I want to run a logistic regression with a binary outcome (correct vs incorrect) and three predictors: condition (2 levels: A and B), and time (2 levels: before and after), and their interaction. I've run into a problem, however, in that the model gives meaningless parameter estimates with huge SEs. I'm pretty sure the reason is that for one level of the condition predictor the outcome is always correct. Alternatively, it could be that there is some missing data (see below) but my understanding is that this shouldn't be a problem for logistic regression.
The counts are:
- Cond A T1: 28 of 28 correct
- Cond B T1: 23 of 26 correct
- Cond A T2: 30 of 30 correct
- Cond B T2: 24 of 30 correct
Is there a way I can run this analysis? The reason being that if I just use chi-square to compare the counts then it looks as though at T2 there is a significant difference between Cond A and Cond B, but this doesn't account for the fact that Cond B was already doing worse at T1. I'd also like to test for a main effect of condition.
EDIT: I realize I didn't model the within-subj variance, which I can do with this code by adding it as a random effect in a mixed model:
glmer(df$outcome ~ df$condition*df$time + (1|d$ID), family=binomial(logit))
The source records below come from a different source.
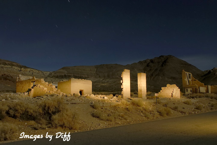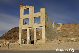 During boom times for these towns much infrastructure gets built to support the miners many needs. The largest being to help them get rid of any gold they had found. Many saloons and brothels spring up to help them unload their gold. But also businesses that sell supplies to the miners. Rhyolite has a number of structure remains still standing. I ran into a number of photographers there during the day but when we went back at night there was only one. |
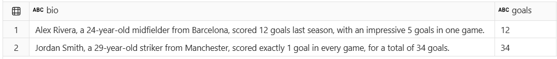Unlike other AI functions, ai.extract returns a pandas DataFrame, instead of a Series, with a separate column for each specified entity type that contains extracted values for each input row.
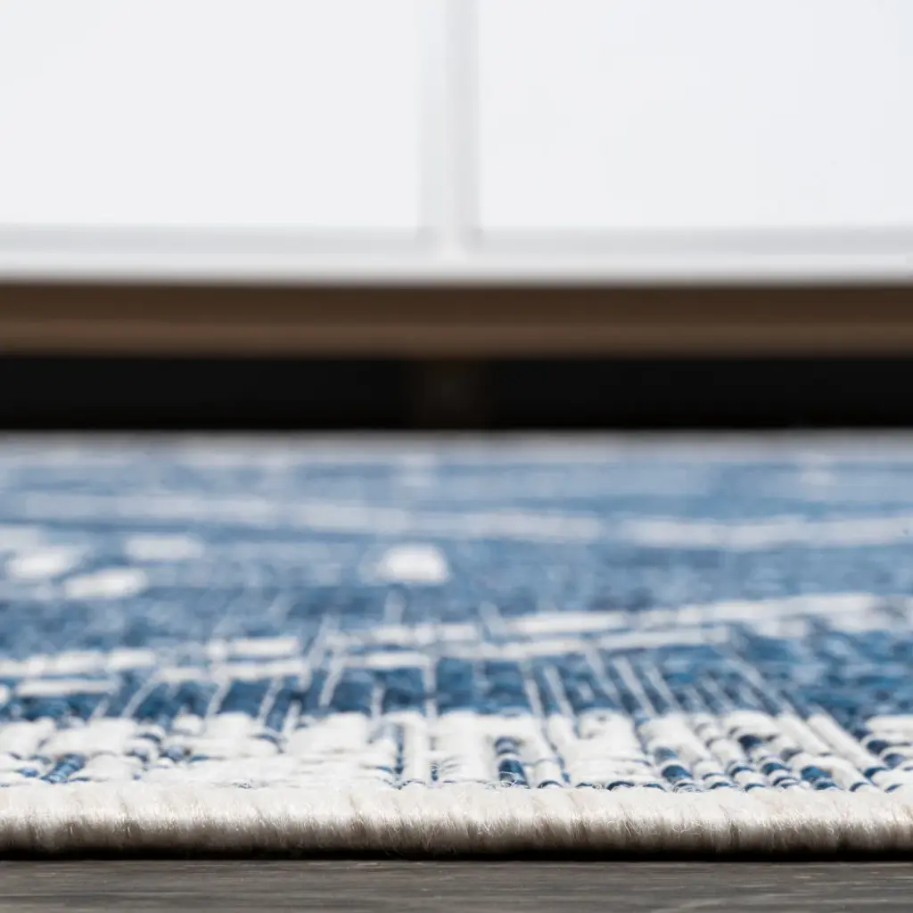 Marokko Diamond Tribal Indoor/outdoor Rug, Blue And Ivory, 2X8
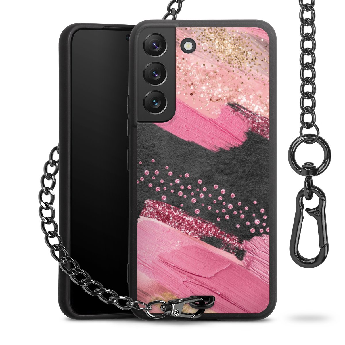 • Mattschwarze Handyhülle mit Metallkette
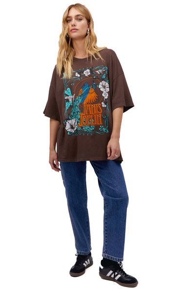 Janis Joplin Floral Peacock OS Tee - Coffee Quartz
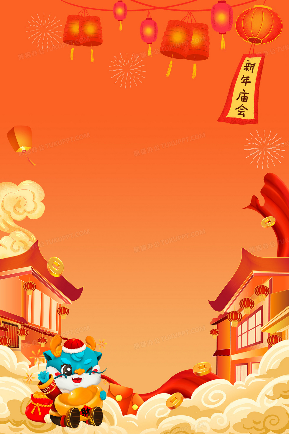 本作品内容为新春龙年春节街景背景, 格式为 psd, 大小34 MB, 图片尺寸为3543 x 5315, 作品中背景图片无需修改, 源文件无水印,可以直接使用, 欢迎使用熊猫办公。 如认为平台内容涉嫌侵权,可通过邮件:tousu@tukuppt.com提出书面通知,我们将及时处理。
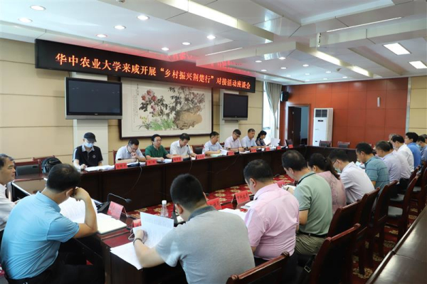 在对接调研过程中严建兵介绍,华中农业大学开展“乡村振兴荆楚行”目的是要落实习近平总书记给全国涉农高校的书记校长和专家代表回信精神,以立德树人为根本,以强农兴农为己任,拿出更多科技成果持续性开展社会服务;培养更多知农爱农新型人才,引导学校师生能充分理解中国农业农村发展的真正需求是什么,为实现农业农村现代化、推进乡村全面振兴等作出新的更大的贡献。随行调研人员从组织楚才服务优势特色产业、依托项目推进校企合作和成果转化、疫后重振调研宣讲湖北行动、荆楚“三农”人才培训行动、留鄂就业创业促进行动、与咸宁重点非公有制企业开展“携手共建、助力重振”党建活动等六个方面详细介绍了华中农业大学“乡村振兴荆楚行”服务咸宁工作实施方案。
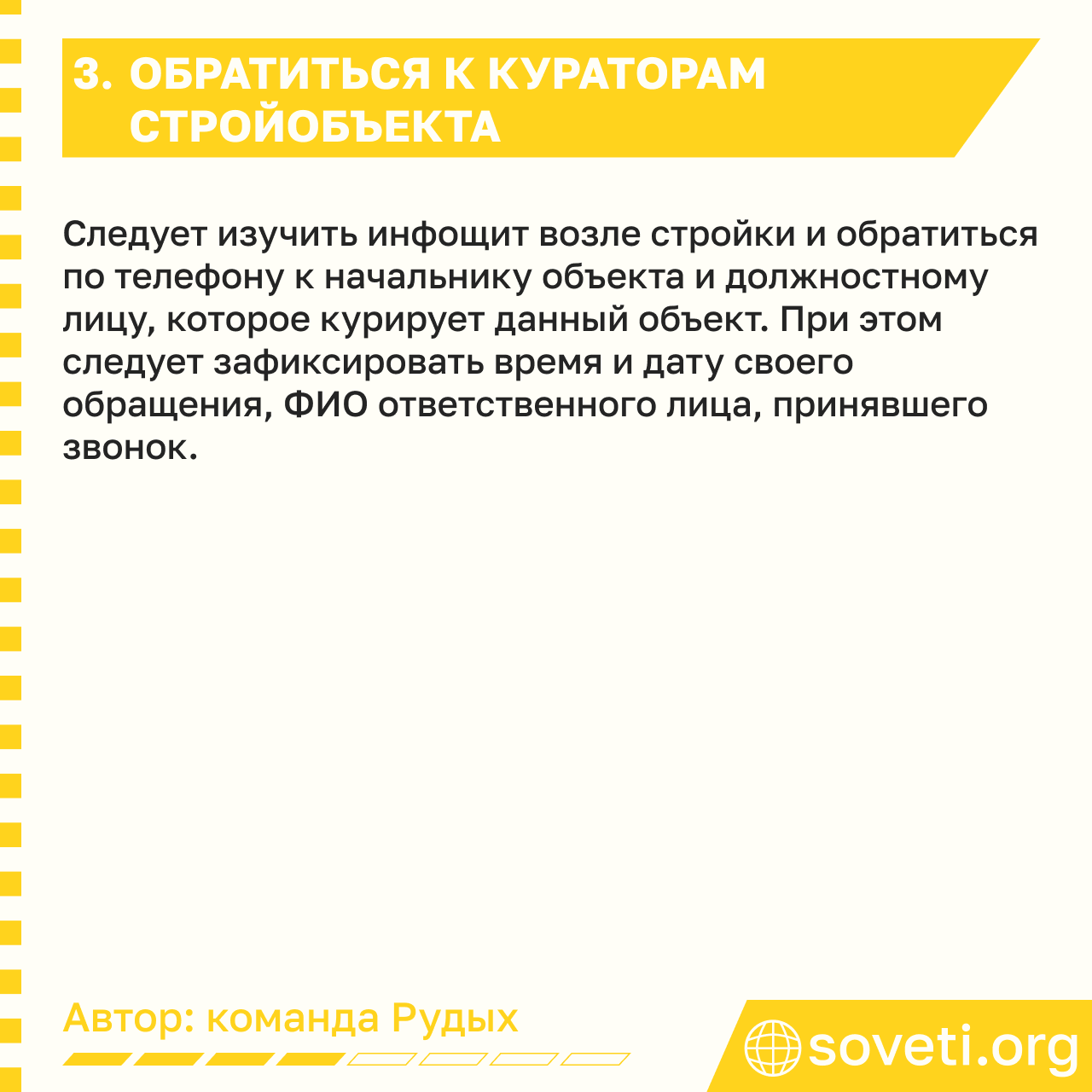 Изучить информационный щит возле стройки и обратиться по телефону к начальнику объекта и должностному лицу, которое курирует данный объект. Их контакты должны быть указаны на информационном щите.
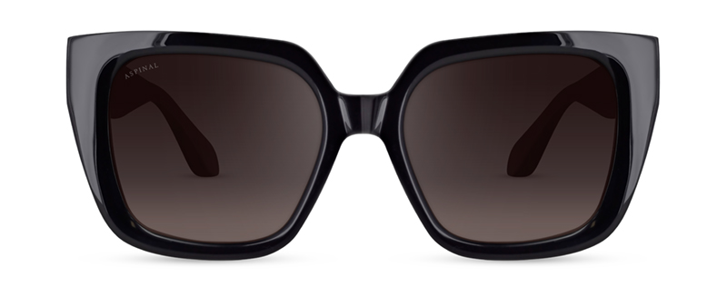 Col.01 is an impactful black with luxurious gold chain temples interwoven with black leather and grey graduated lenses
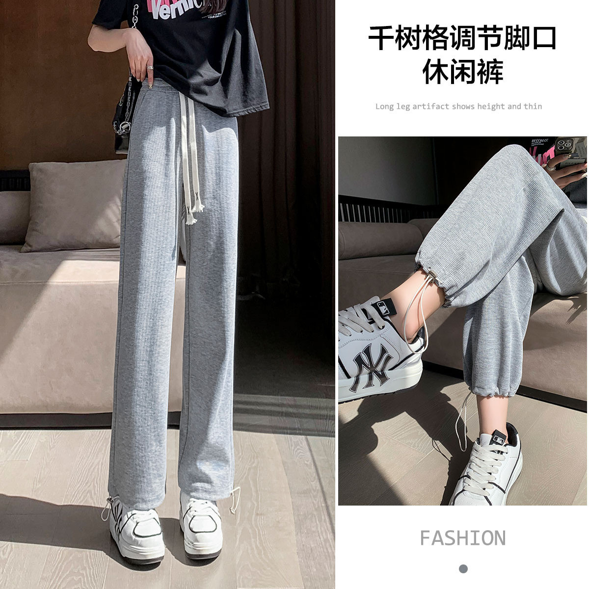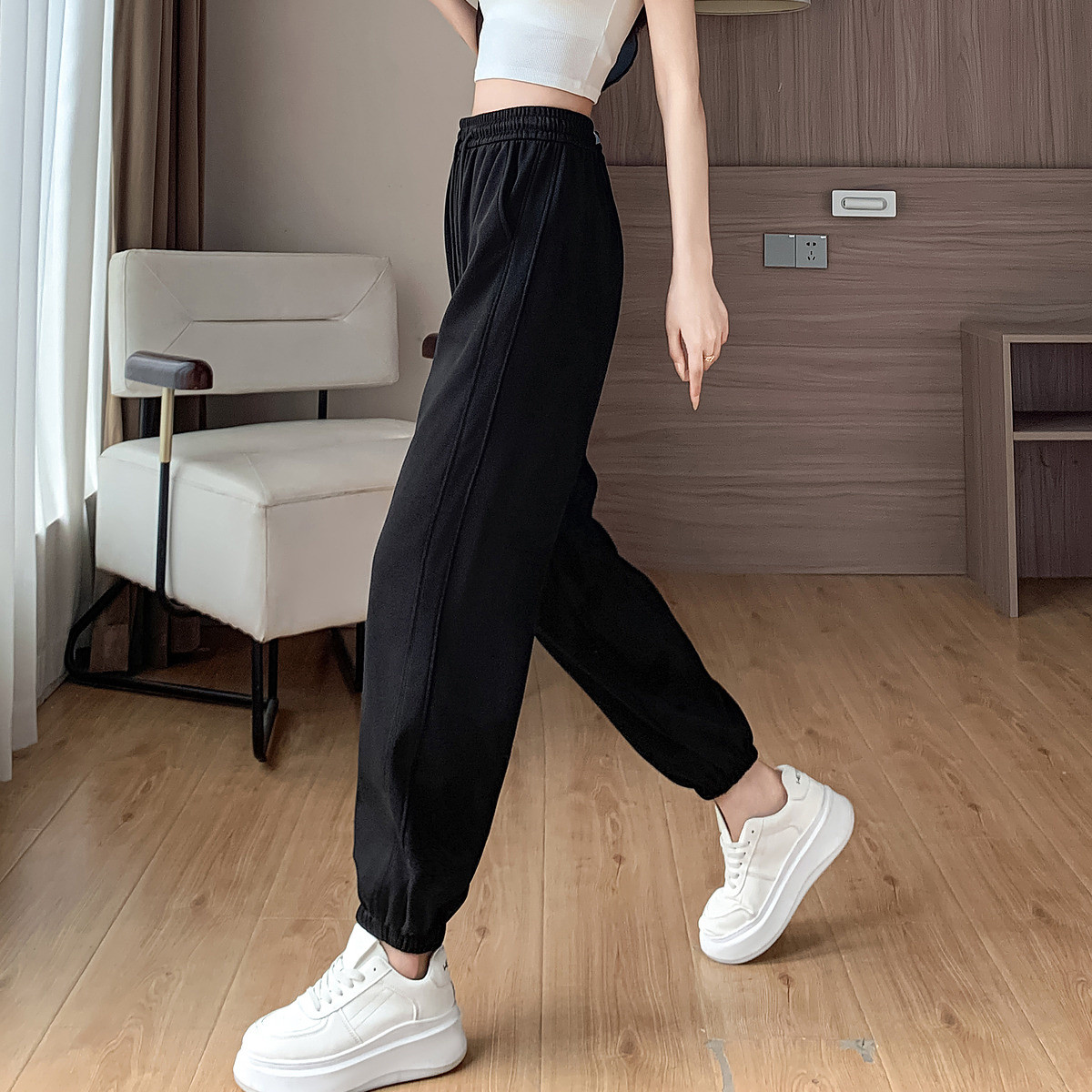 【不挑腿型系列】春秋松紧腰拼接束脚裤微弹系绳舒适棉休闲裤 924033
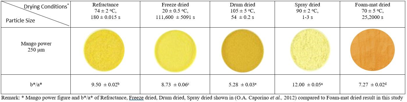 - Mango powder qualities produced by a foam-mat drying as good as that 1 manufacturing using freeze drying and spray drying
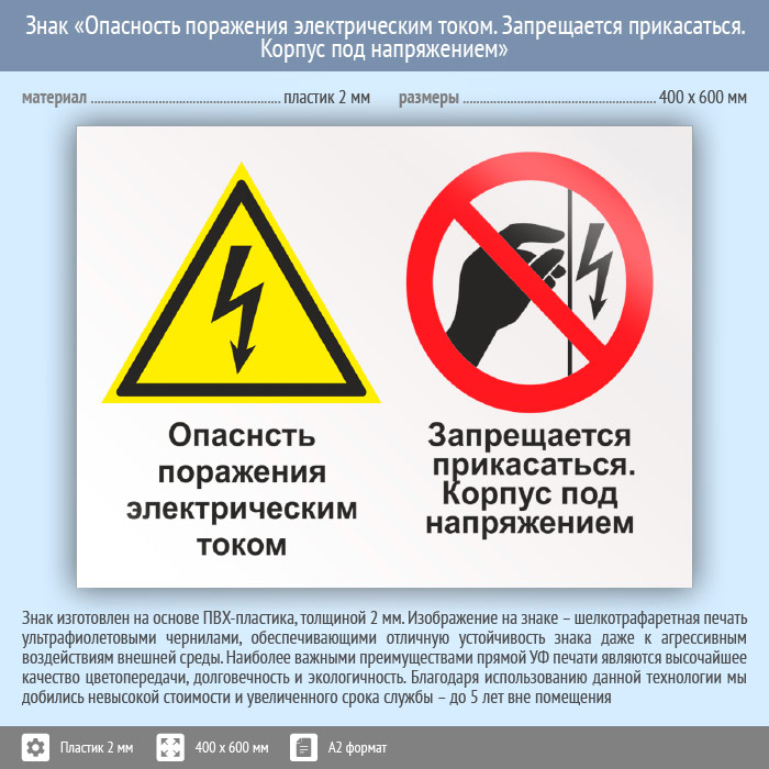 Знак «Опасность поражения электрическим током. Запрещается прикасаться. Корпус под напряжением», КЗ-47 (пластик, 600х400 мм) в Верее купить
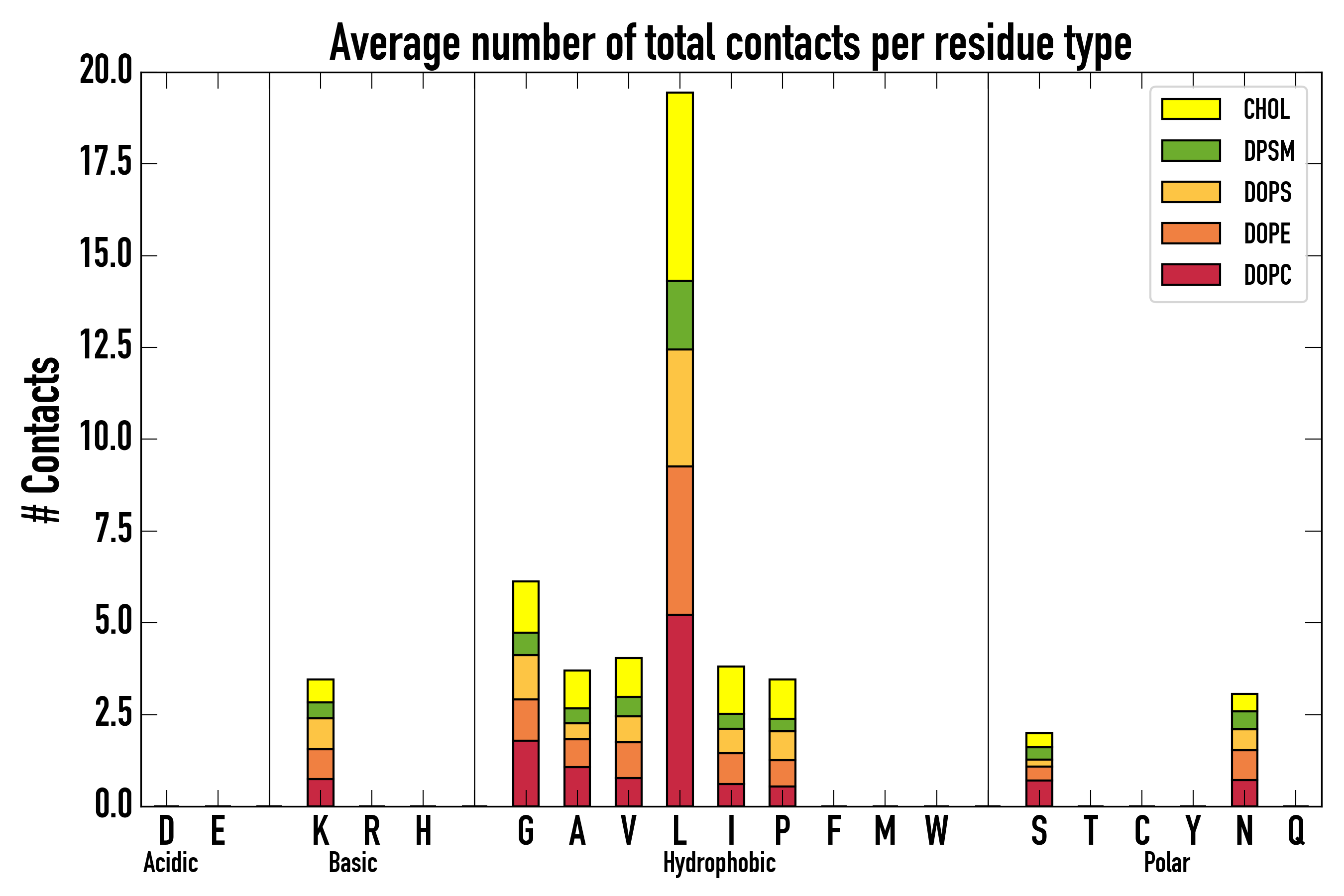 Number of total contacts per residue type:
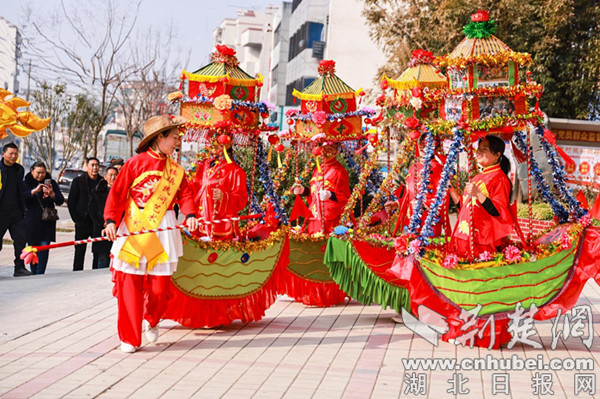 据悉,牌楼镇高度重视民间文化的传承与繁荣,目前有市级“非遗”项目2个,并建有一支150余人的民间艺术表演队。该团队是集舞龙灯、采莲船、十班家什、蚌壳精、海马子、吹锁啦、抬花轿、打大鼓、打腰鼓、歌舞、曲艺、小品等表演于一体,多次参加市、区举办的各种大型文化活动,并助力牌楼镇成功夺得“湖北省民间文化艺术之乡”的荣誉称号。牌楼镇民间艺术表演队已是丰富农村群众文化生活的有益补充,更是当地群众文化活动的生力军。
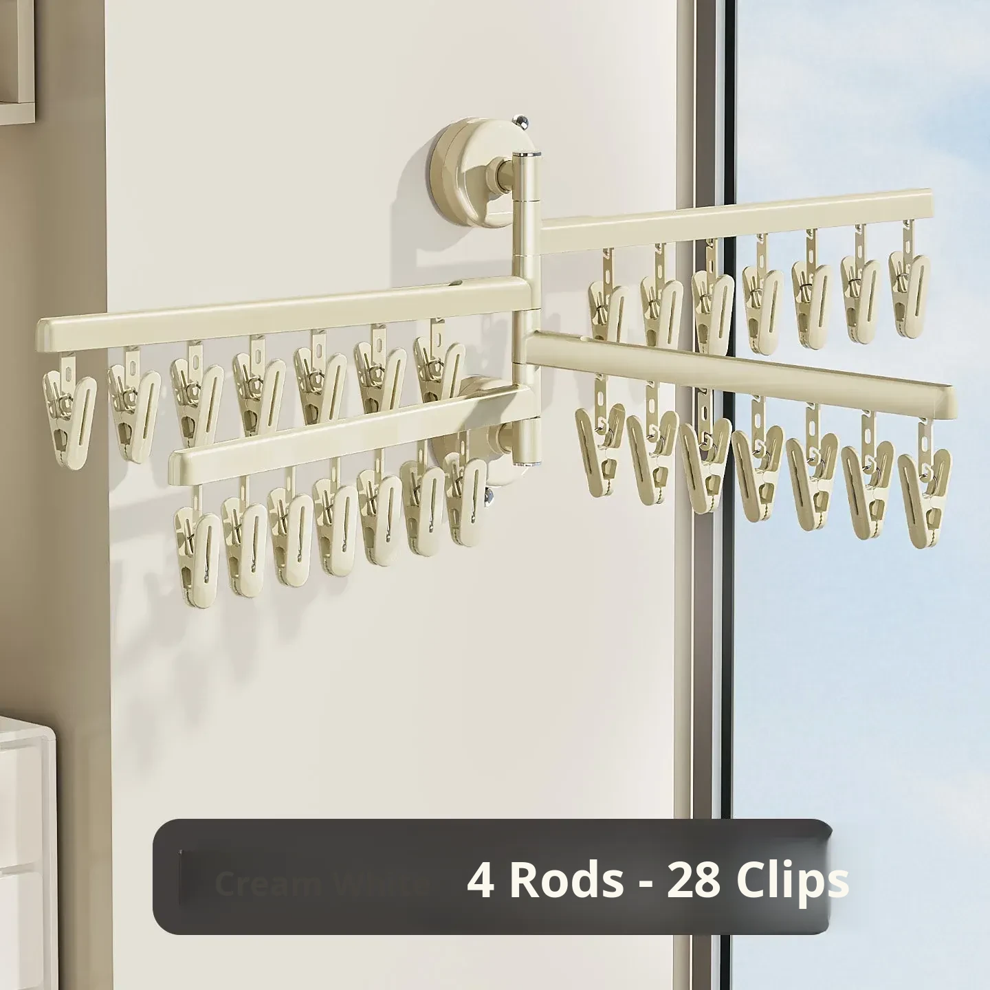 [Cream White] Four Poles 28 Clips ❤️ High-Capacity Drying Recoinended
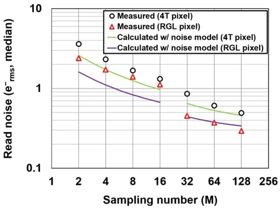 As shown in Figure 15 and Table 2, MG for low gain (M = 2, 4, 8, and 16) is set to large values of more than 200. This causes a lesser 1/f noise reduction effect, as explained in Equation (17). For high gain (M = 32, 64, and 128), MG of 16 is used, and a high 1/f noise reduction effect is expected. The CMS effectively reduces the noise (median) from 3.7 e− to 0.5 e− for the 4T pixel, and 2.3 e− to 0.29 e− for the RGL pixel, respectively, by increasing the gain from two to 128. The noise calculated with the proposed model does not perfectly explain the experimental results, particularly at the low CMS gain. Since the 1/f noise suppression capability of the CMS can be degraded by increasing the time from reset to signal samples, and the noise of the small-size transistors in the pixels does not always take the exact 1/f noise spectrum. These can make the difference between the simulation and measurement. Another possible reason is that the noise of the cyclic ADC is not exactly modeled and other noise components, such as the noise from power supply lines of the substrate, are not included in the noise model. Such noises from power lines of the substrate are often generated due to on-chip digital switching or clocking circuits. Since these noises are not uniform in time, the irregular dependency of the noise reduction to the sampling number of the CMS, or the difference of the calculation and measurement results is likely explained. The measurement results show that the read noise can be further reduced by increasing the CMS gain. This larger dependency of the noise reduction to the CMS gain at high gain (M = 32, 64, and 128) when compared to the theoretical estimation is not clear, but is possibly due to the influence of the additional thermal noise components, which are not modeled in the theory, or RTS (random telegraph signal)-like noise of the in-pixel source follower. The RTS noise or RTS-like noise has a Lorentzian spectrum, or a mixture of Lorentzian spectra and the noise with such a spectrum can be reduced by band-width reduction using a higher CMS gain. The noise of the majority of pixels may take the spectrum of RTS-like noise, not that of the 1/f noise.

However I get an error message that the "model is nearly unidentifiable: large eignenvalue ratio". Additionally, the estimates are identical whether I use this model or the one where I didn't model within-subject error as a random effect, which made me wonder if I was doing something wrong. There was, however, some variance associated with this term so maybe it's fine (aside from the error message)?